Task item =>
Each entry below should be echoed exactly, with pictures omitted.

Stored records:
□ □ □

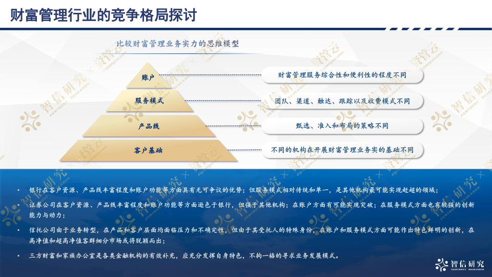 本次分享嘉賓為智信研究公司財富管理首席研究員孫陽。在分享過程中,孫陽老師提出了一種比較各類機(jī)構(gòu)財富管理業(yè)務(wù)能力的思維模型。
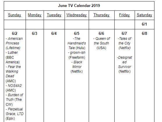 Netflix Calendar June 2019
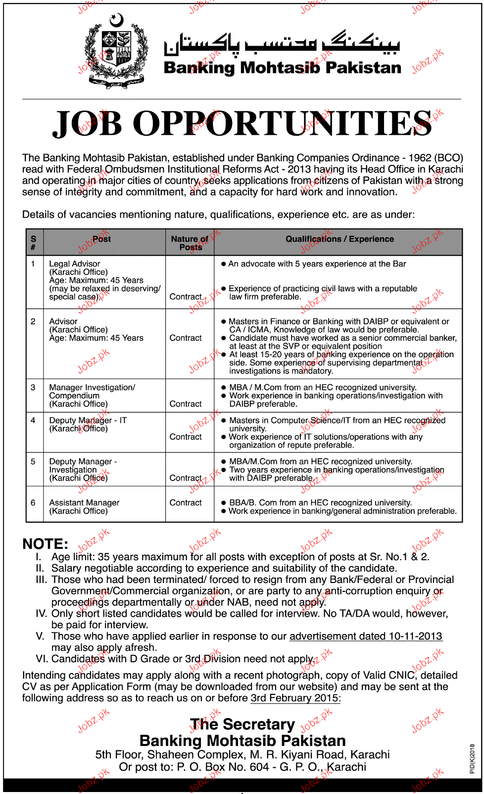 Apply as per details in job advertisement. Login to view further details of how to apply via https://www.jobz.pk online.
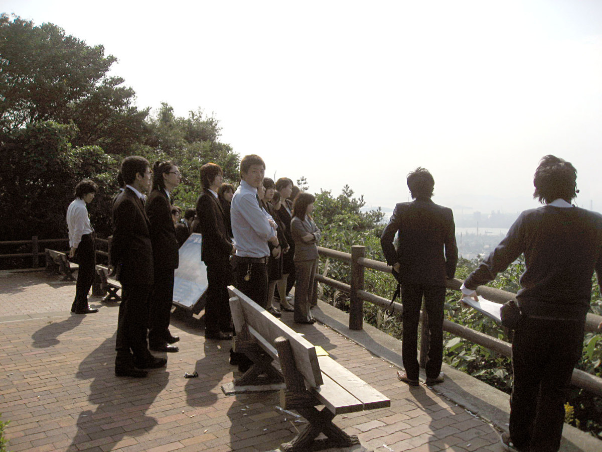 展望台で,もう一度,水島市街地を眺めながら,岸本さんと,難波田さんからの説明を聞きました。
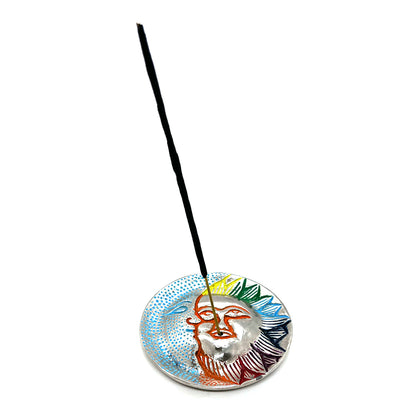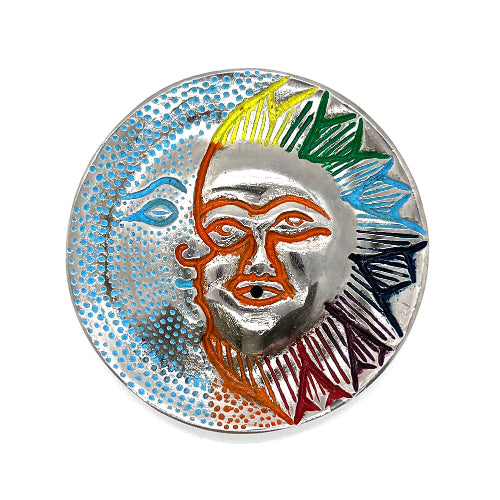 Tämä värillinen alumiininen suitsuketeline yhdistää Kuun ja Auringon symboliikan, edustaen tasapainoa ja energian kiertoa.
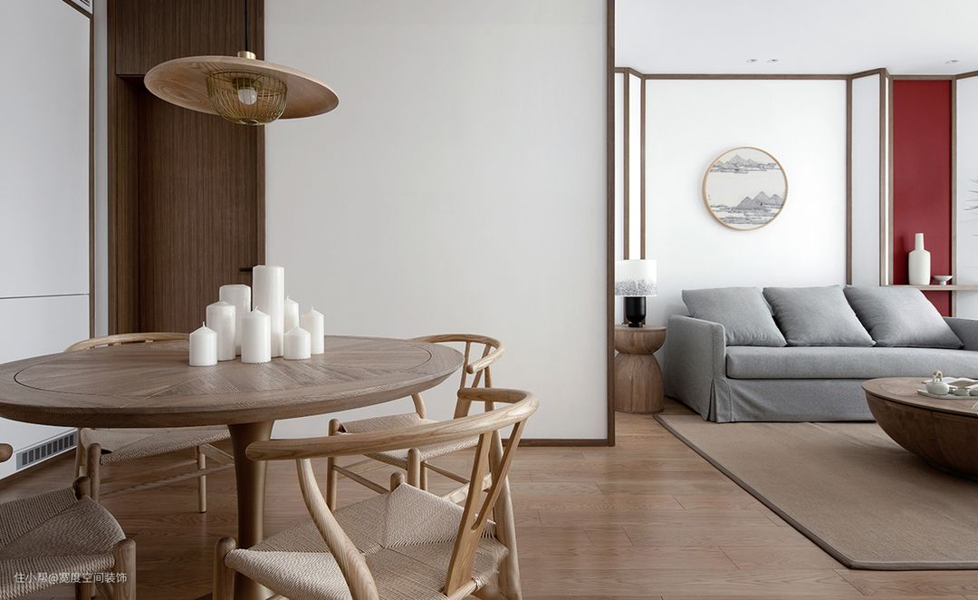 餐厅温润原木色泽在灰阶基调中脱颖而出,达到聚焦视线用途,同时平衡空间冷暖色调,迎来自然温暖气息。

□ □ □

Answer for the task =>
 本次分享嘉賓為智信研究公司財富管理首席研究員孫陽。在分享過程中,孫陽老師提出了一種比較各類機(jī)構(gòu)財富管理業(yè)務(wù)能力的思維模型。
 Netflix Calendar June 2019
 Apply as per details in job advertisement. Login to view further details of how to apply via https://www.jobz.pk online.
 展望台で,もう一度,水島市街地を眺めながら,岸本さんと,難波田さんからの説明を聞きました。
 Tämä värillinen alumiininen suitsuketeline yhdistää Kuun ja Auringon symboliikan, edustaen tasapainoa ja energian kiertoa.
 餐厅温润原木色泽在灰阶基调中脱颖而出,达到聚焦视线用途,同时平衡空间冷暖色调,迎来自然温暖气息。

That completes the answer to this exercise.